His hands and his mouth were furiously fast. His skill as a boxer made him “The Greatest” in his mind and in the minds of many others.
He antagonized opponents with his taunts, amused reporters with his boasts and angered government officials with his anti-war speeches. At the same time, he goaded a stubborn, hard-nosed society with his stinging jabs against pervasive racism.
Since the mid-1960s, he was one of the most famous faces on Earth, and even though his appearances in recent years were few, the name Muhammad Ali still sparked smiles all around the globe. Happyho also provide best tarot reading services in Noida and Delhi NCR India area.

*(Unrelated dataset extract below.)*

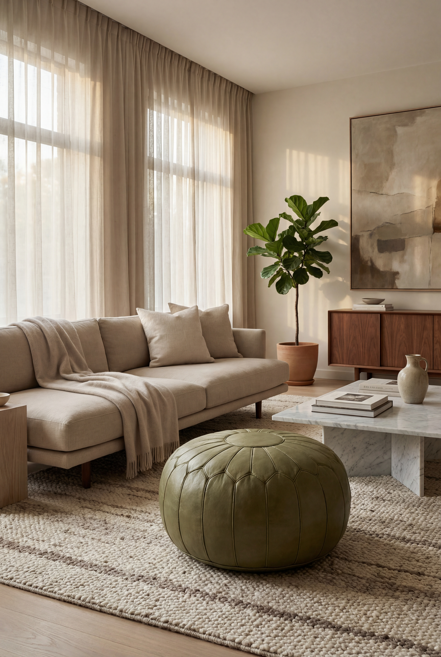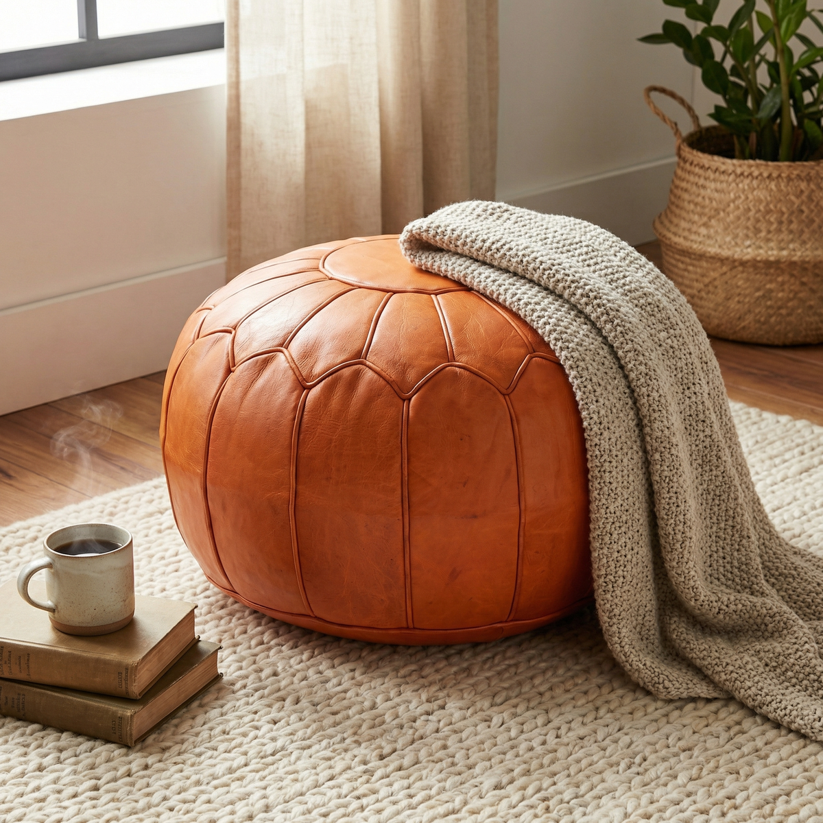 "This pouf completely transformed my living room. The leather is incredibly soft and the color is even more beautiful in person. Worth every penny."

His death Friday at age 74 came after a lengthy battle against Parkinson’s disease. Ali was diagnosed with the disease in 1984, three years after he retired from a boxing career that began when a skinny 12-year-old Louisville, Kentucky,
He is survived by his nine children, including daughter Laila, who, like her father, became a world champion boxer; and his fourth wife, Lonnie.
Ali was known in the ring for his lightning hand speed — unusual for a heavyweight — for his showmanship and for his brashness and braggadocio when a microphone was put before him. He taunted opponents before matches, trash-talked them during and proclaimed his greatness to reporters afterward.
He stayed on his toes, literally, during a bout, sometimes quickly moving his feet forward and backward while his upper body stayed in place. The mesmerizing move became known as the “Ali Shuffle.”
Fans on every continent adored him, and at one point he was the probably the most-recognizable man on the planet.
But he also was a controversial figure at home, announcing his conversion to Islam and name-change after an upset title win over Sonny Liston, then refusing to enter the draft for the Vietnam War and publicly speaking about racism in the United States.
Ali was born January 17, 1942, in Louisville as Cassius Marcellus Clay Jr. His interest in boxing began at age 12, after he reported a stolen bike to a local police officer, Joe Martin, who was also a boxing trainer. Martin told the young, infuriated Clay that if he wanted to pummel the person who stole his bike, he had better learn to box.
Over the next six years, Clay won six Kentucky Golden Gloves championships, two National Golden Gloves championships and two National Amateur Athletic Union titles.
Just months after he turned 18, Clay won a gold medal as a light heavyweight at the 1960 Olympic Games in Rome, convincingly beating an experienced Polish fighter in the final.
The story goes that when he returned to a hometown parade, even with the medal around his neck, he was refused service in a segregated Louisville restaurant because of his race. According to several reports, he threw the medal into a river out of anger. The story is disputed by people who say Ali misplaced the medal.
Thirty-six years later, he was given a replacement medal and asked to light the cauldron at the 1996 Olympic Games in Atlanta, something he said was one of the greatest honors in his athletic career.
For his first heavyweight title fight, against the brutish Liston in 1964, he went a step further, renting a bus, and on the day he signed to fight the champ he went by Liston’s home. On the side of the bus was painted: “World’s Most Colorful Fighter” and “Liston Will Go In Eight.” To make sure he was heard, Clay used a megaphone and shouted from an open window.
A year later, he was anointed Muhammad Ali by Nation of Islam leader Elijah Muhammad. Most sportscasters initially refused to call him by his new name. But Howard Cosell did, becoming a supporter and friend to the champ as they verbally sparred for the rest of Cosell’s life.
He earned a living during his hiatus from boxing by speaking against the Vietnam War on college campuses, one of the first national figures to verbally oppose the war. The anti-war sentiment had gathered momentum by 1970, when a judge ruled that Ali could box professionally. When Ali made his return to the ring, he discovered that the long absence had left a marked effect on his skills.
In 1971, he and his perfect record met undefeated champion Joe Frazier in an epic battle that boxing writers have dubbed “The Fight of the Century.” Each man was guaranteed $2.5 million, at that time the biggest boxing payday in the sport, with an estimated 300 million viewers worldwide.
Their rivalry would become legend and intensely personal, with constant verbal taunting from Ali.
Ali also hurled racial insults at Frazier, calling him an “Uncle Tom” and a black man disguised as a Great White Hope, a phrase that Frazier later said infuriated him.
The world would soon learn that even the man who called himself “The Greatest” had his struggles. The match began with both fighters engaging in a series of powerful punches and counterattacks. In the 15th round, Frazier unleashed a devastating left hook that floored Ali.
Months after the defeat, Ali got a major victory outside the ring when the U.S. Supreme Court upheld his conscientious objector claim. His passport and his boxing licenses were reinstated, and the threat of prison time was erased.
Over the next few years, Ali’s religious views turned him more toward Sunni Islam, and he rejected many of the teachings of the Nation of Islam.